We have also taken care with the 2.0.0 design to make it compatible with 1.9. It will be easier to migrate from 1.9 to 2.0 than it was from 1.8 to 1.9. (The notable incompatibilities are described later.)
In fact, thanks to the dedicated work of third parties, some popular applications such as Rails and tDiary have been reported to work on the release candidate version of 2.0.0.
Had we working significant third party packages during 1.0 prereleases? No. Althoug Julia 1.0 was sometime predicted to be in September 2017 there was that quit hurry time to make it happen at Julia-con 2018 so there was not similar to Ruby’s transition. In contrary there are some packages like Keno’s (JuliaComputing’s co-founder and CTO - tools) Cxx.jl where we are not sure if it has a future.
We probably could to speak more about strings in 1.x and make work with them not so painful comparing to work in python?

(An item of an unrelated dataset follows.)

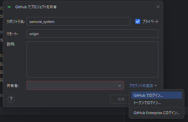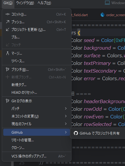9. 「Git」>「GitHub」>「GitHubでプロジェクトを共有」の順にクリックする。
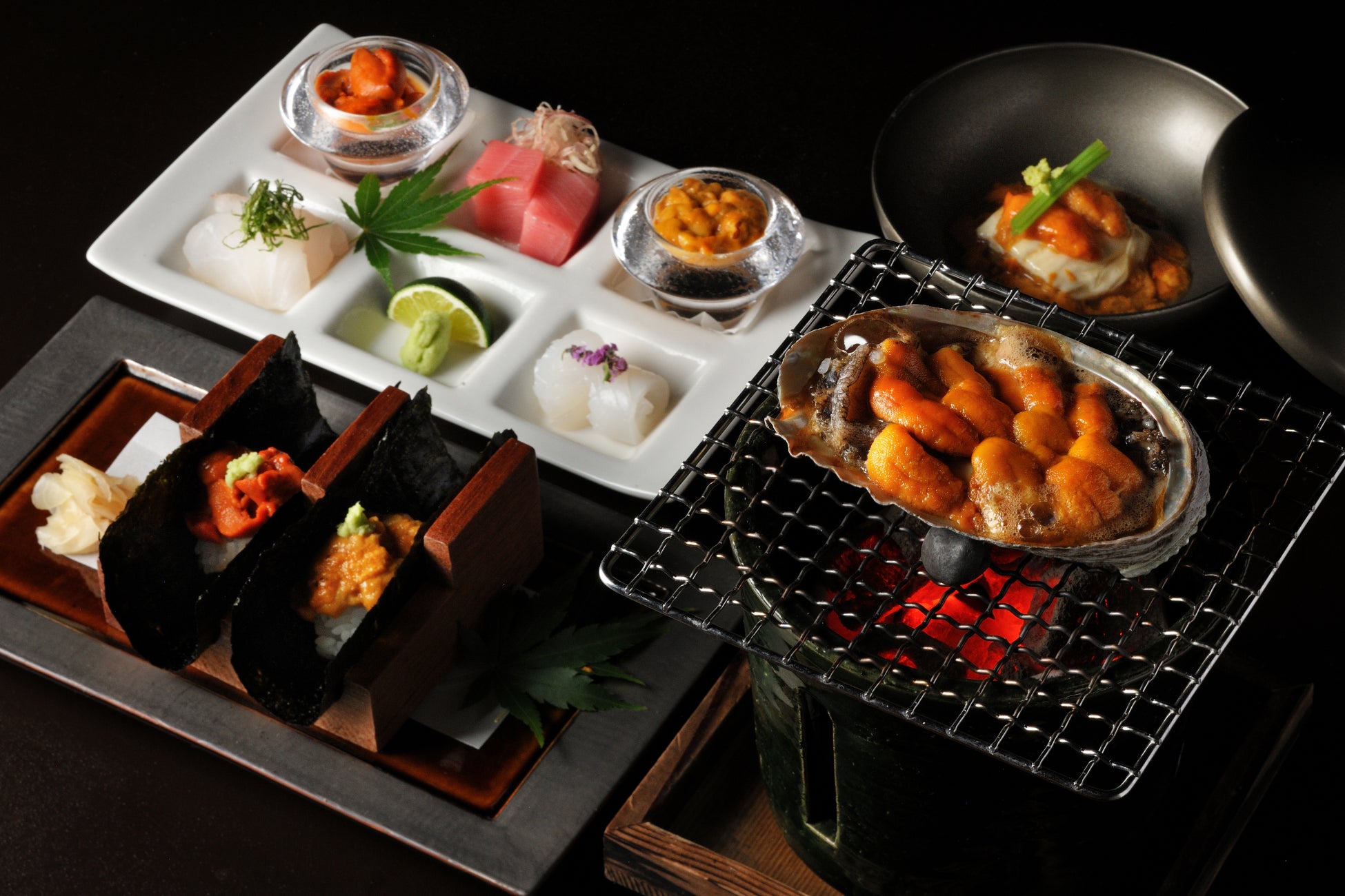 壱岐リトリート 海里村上は、この壱岐島に位置する全12室の温泉旅館です。『ミシュランガイド福岡・佐賀・長崎 2019 特別版』では、離島で唯一「5パビリオン(豪華で最高級の旅館)」として紹介されています。全室オーシャンビューの客室には、約1,700年の歴史を持つ自噴泉から引いた高張性の源泉掛け流し露天風呂を完備。「日本の夕陽百選」に選ばれた湯本湾の絶景とともに、壱岐ならではの雲丹・鮑・壱岐牛など厳選食材を用いた会席料理をご堪能いただけます。

This is because the mentioned commit applied deprecation warnings mechanically. That code doesn’t actually need 0 when there is no match, it would have been clearer using nothing instead. That’s the kind of thing that happens during transitions but that wouldn’t be used in new code.
What do you suggest we should have done in the 0.6 → 0.7 transition? Would you rather have kept the inconsistent mess that search and find* functions were in 0.6?
BTW, we could definitely allow findnext('$', str, pos) as a shorthand, but since it’s easy to add in any 1.x release, but impossible to remove until 2.0 (and even then it will be annoying for users), we have taken the safer approach of only implementing the minimal API.
Many people are using it in production (I am, and I find it nice).
Some packages did not make the transition to 1.0. Some are WIP, some seem to be abandoned for the time being. This is just highlighted, not necessarily caused by the 1.0 release.
Yes. It is why I wrote “this code could be written a little simpler”.
It is good to see these two sentences in bigger picture:
Mess is not good. But there is another danger. This mess (= " something(findnext(isequal('$'), str, pos), 0) " ) could stay forever.
In other words we are not really there (to have well polished 1. version). One has to be no surprised that there are people who will still wait before switch their work to Julia. So it is not success yet.
BTW. I am glad you are open to answer design question so I please forgive my curiosity in topic which probably is not about future designs. Why is Julia doing this:
julia> "a" in "Julia"
ERROR: use occursin(x, y) for string containment
Stacktrace:
[1] error(::String) at ./error.jl:33
[2] in(::String, ::String) at ./strings/search.jl:459
[3] top-level scope at none:0
Somebody has to implement function which is doing this “useless” exception instead of using it like syntactic sugar (to attract more people). What is behind this decision?
That’s because strings act as collections of Char everywhere, and that in checks whether an element of a collection is equal to its argument. It doesn’t work for subsequences: [1, 2] in [1, 2, 3] doesn’t return true, because it would be ambiguous for arrays of arrays (e.g. [[1, 2], [1, 3]]). That’s the same distinction as push! vs. append!. I guess we could make an exception for strings, but that would make it harder to reason about the big picture.